A resistance to home working may lead to Millennial workers, or others who place a strong emphasis on work-life balance, feeling they don’t fit. Often, organisations end up clinging to outdated working patterns because their managers don’t have the skills to design jobs and manage people in a way more fitting to the new world of work and an increasingly diverse employee base. HR has a role to play in equipping managers with these skills and supporting them with managing workflow on an ongoing basis.
5. Rewarding inclusive behaviours
Rewarding the kind of behaviours the business wants to encourage is another way of making a real step-change. Demonstrating a commitment (and real action) to diversity and inclusion needs to be a KPI for managers and a standing item for discussion in performance reviews. Peer reviews or anonymous surveys are a good way of measuring commitment and progress. This is not something that will come naturally to everyone, however, and HR needs to give priority to equipping managers with the courage and competence to review their practices, call out poor behaviour and to support people who are showing signs of feeling they don’t ‘belong’ in teams.

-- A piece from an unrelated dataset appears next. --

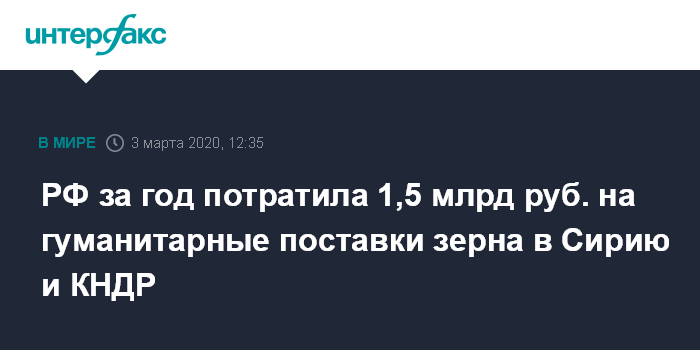 РФ за год потратила 1,5 млрд руб. на гуманитарные поставки зерна в Сирию и КНДР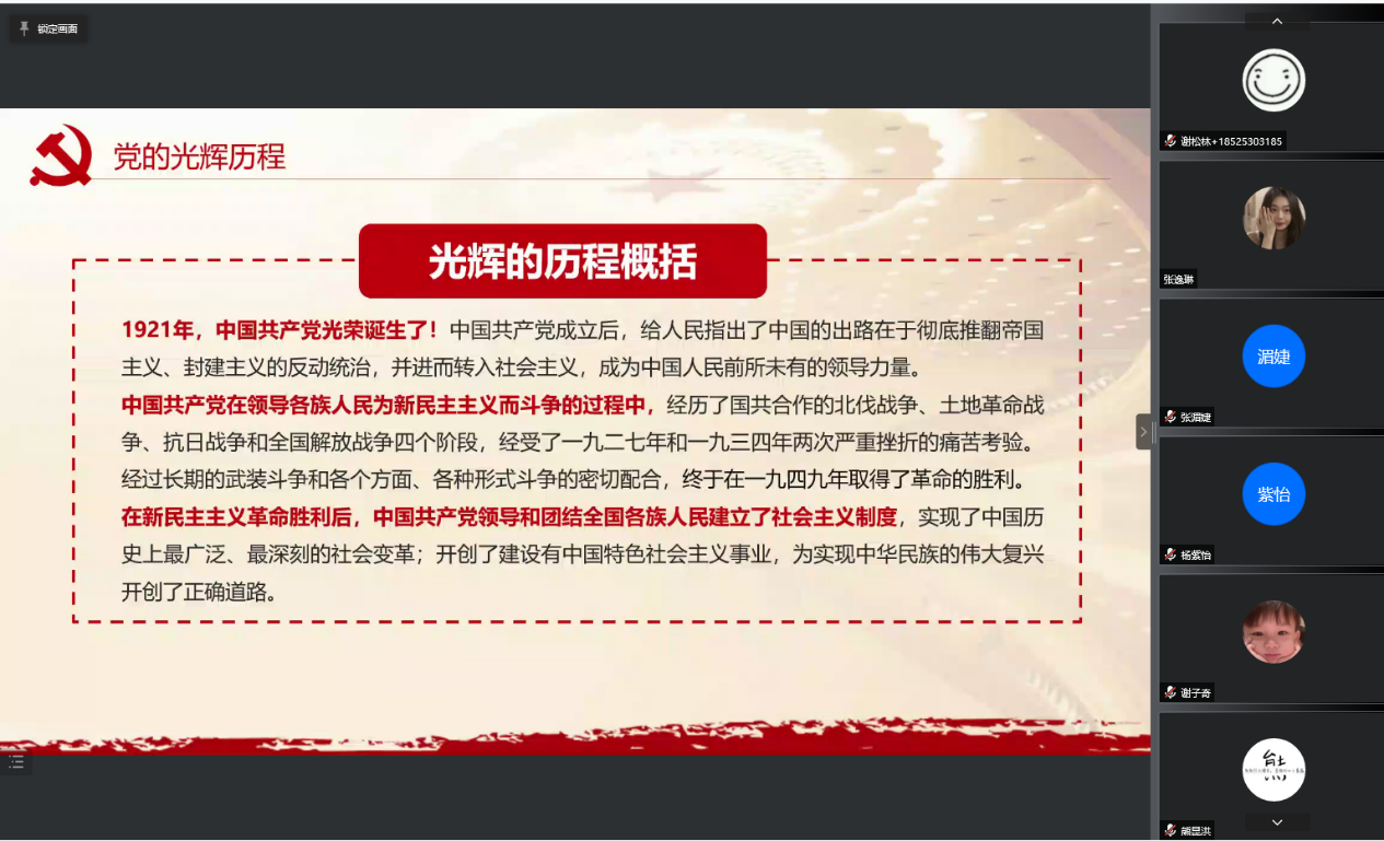 党课回顾了党的光辉历程,阐述了学习党史的重要意义。在一百年的接续奋斗中,党领导人民创造了伟大历史,铸就了伟大精神,形成了宝贵经验,使中华民族迎来了从站起来、富起来到强起来的伟大飞跃。党史是全党的宝贵精神财富,是中华民族历史文化的重要组成部分。学习党史,能够牢记初心,坚定理想信念,深刻认识党的十八大以来党和国家事业取得历史性成就、发生历史性变革的进程。

In its recent report on inclusion, the CIPD also points out the role practitioners have to play in building a culture of ‘allyship’, where employees actively champion inclusivity and are encouraged to ‘call out’ unacceptable or exclusionary behaviour (CIPD, Building Inclusive Workplaces, September 2019).
The value of data in helping organisations track and monitor progress towards inclusion cannot be over-emphasised. In its new Profession Map, the CIPD illustrates the importance of HR taking an evidence-based approach to all its activities. An HR software system, which enables reporting across everything from workforce make-up to salary against gender or ethnicity, can be a highly valuable tool.